Tentou se acomodar no banco, o joelho doeu de novo. Aquele ferimento iria demorar para resolver. No dia em levou o estilhaço de morteiro na perna estava há mais de 12 horas deitado no chão, sem comer ou dormir, com terra e pó nos olhos, na boca e no nariz. Pensou nas histórias de guerra que já lera, do clichê de que os soldados ficam com "o cheiro de sangue impregnado nas narinas". Balela. O pior mesmo era o cheiro podre do barro velho, da lama estagnada. Quando ouviu o assobio fininho se aproximando, fechou os olhos e esperou. Ato contínuo, veio o estrondo, o deslocamento de ar que o chutou cinco metros longe, a nuvem de terra e pedras que lhe caiu por cima. Na verdade não fora um estilhaço que o atingira, e sim a energia e o material deslocados na queda do projétil. Claro, se um morteiro daqueles tivesse lhe atingido, seria agora apenas uma medalha, não estaria ali descendo a rua com a perna doendo. Mesmo assim, aquela avalanche – que além das pedras incluiu o corpo de um colega de batalhão que teve o azar de estar mais perto do epicentro da queda - fora o suficiente para lhe fraturar a perna e torcer o joelho. Até que tivera sorte. Em dois anos de front, não sofrera ainda nenhum arranhão. Tirando pela surdez progressiva, inevitável devido aos tiroteios, vinha escapando ileso.
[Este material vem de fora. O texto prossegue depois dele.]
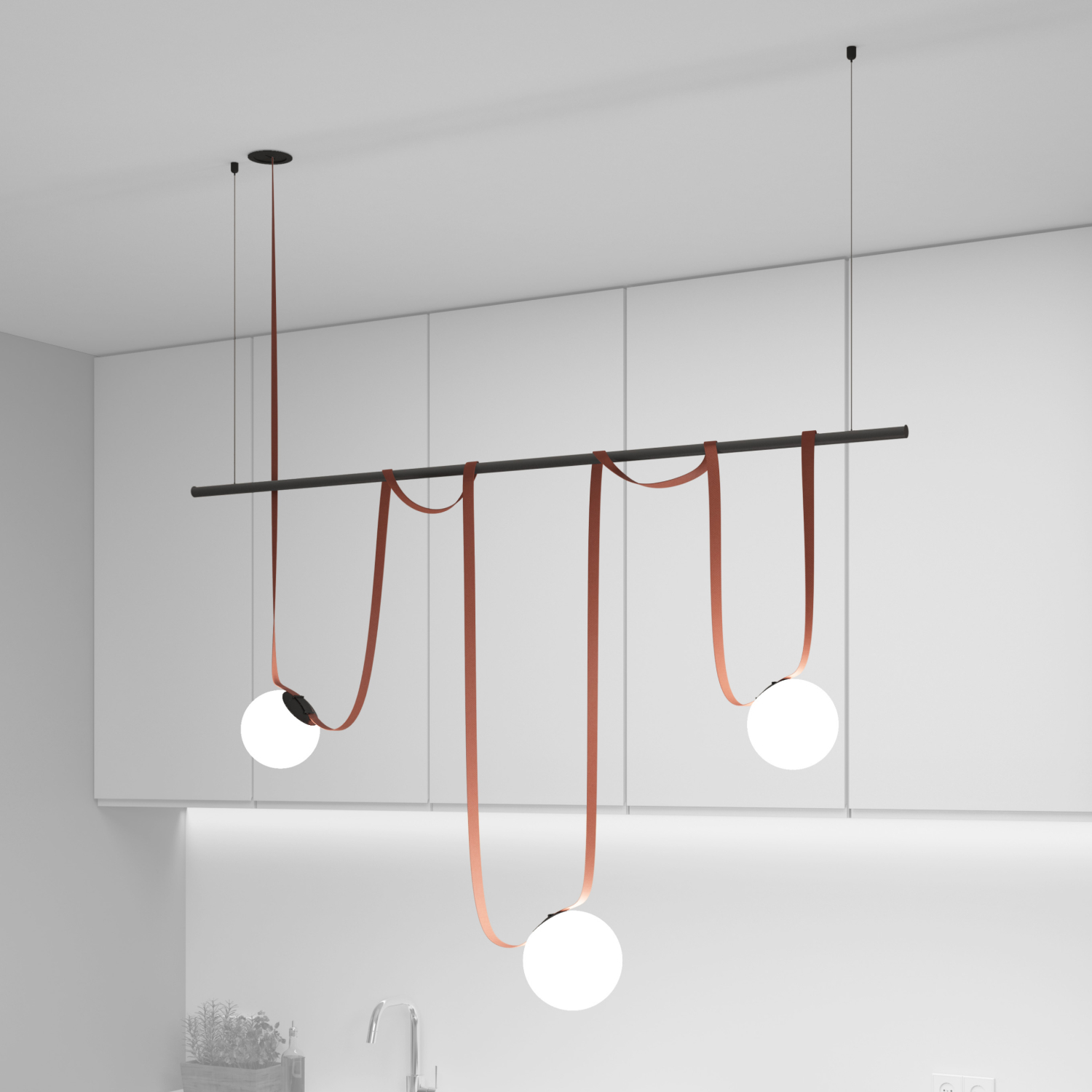Комплект ременной трековой системы Belty. Предназначен для сборки готового светильника силами покупателя. Поставляется в наборе, состоящем из отдельных комплектующих: элементов ременной системы, блока питания и светильников. Обратите внимание - данный дизайн осветительной системы предполагает выносное размещение блока питания в электрическом щитке/лючке и тд. Необходимо обеспечить подведение низковольтного вывода питания к ременной системе. Если отсутствует возможность обеспечить низковольтный вывод питания, возможно использование модели накладного основания, предусматривающего размещение блока питания внутри себя (артикул TR5510-BK/TR5511-BK). В этом случае изменяется цена набора, а также внешний вид основания.\n\nСостав комплекта: \nTR5513-BK Встраиваемое основание BELTY BASE - 1 шт\nTR5501-BR Трек-ремень BELTY BASE - 1 шт\nTR5501-BR Трек-ремень BELTY BASE- 1 шт\nTR5536-BK Крепление-зажим BELTY ROD - 5 шт\nDK5550-BK Трековый светильник BELTY ORB - 2 шт\nDK5552-BK Трековый светильник BELTY ORB - 1 шт\nTR5537-BK Подвес для штанги BELTY ROD - 2 шт\nTR5532-BK Штанга BELTY ROD - 1 шт\nTR5526-AL - 1 шт\n\nФактическая длинна ремня 5500 мм. Срок гарантии 3 года.

Saltou do ônibus, andou um pouco, dobrou uma esquina: estava na sua rua. Começou a descer a rua a pé. Ruazinha quieta, de paralelepípedos, muitas árvores. Só casas, nenhum prédio. Ninguém na rua naquela manhã. Um cachorro latiu em algum lugar. Seguiu rengueando, arrastando a perna dolorida. Aqui sim, estava tudo como deixara; diria que até as peças de roupa nos varais eram as mesmas.

Parou na frente da casa. Nem soube o que pensar primeiro. Estava igual. Quer dizer, um pouco mais velha, mais descascada; o portãozinho um pouco mais enferrujado. Mas a mesma. Continuava inclusive sem campainha no portão. A janela da frente estava aberta. Imaginou-se lá dentro, a cara de feliz incredulidade da mulher; antecipou o abraço e as lágrimas. Se pudesse, choraria.

Armava os dois braços para bater palmas quando a criança apareceu na janela.

Estacou, o gesto congelado. Era uma menina. Devia ter um ano de idade, não mais que isso. Loira. Linda. Os imensos olhos verdes da mãe. A mesma boca rasgada. Apareceu engatinhando, decerto subira no sofá que ficava embaixo da janela. Ela lhe fitou fixamente por um minuto. Depois sumiu lá pra dentro.

Ficou congelado na calçada por um instante. Olhou a casa. Depois, aproveitando que ainda estava fardado, ficou em posição de sentido, fez meia-volta e rompeu marcha. A guerra ainda não terminara.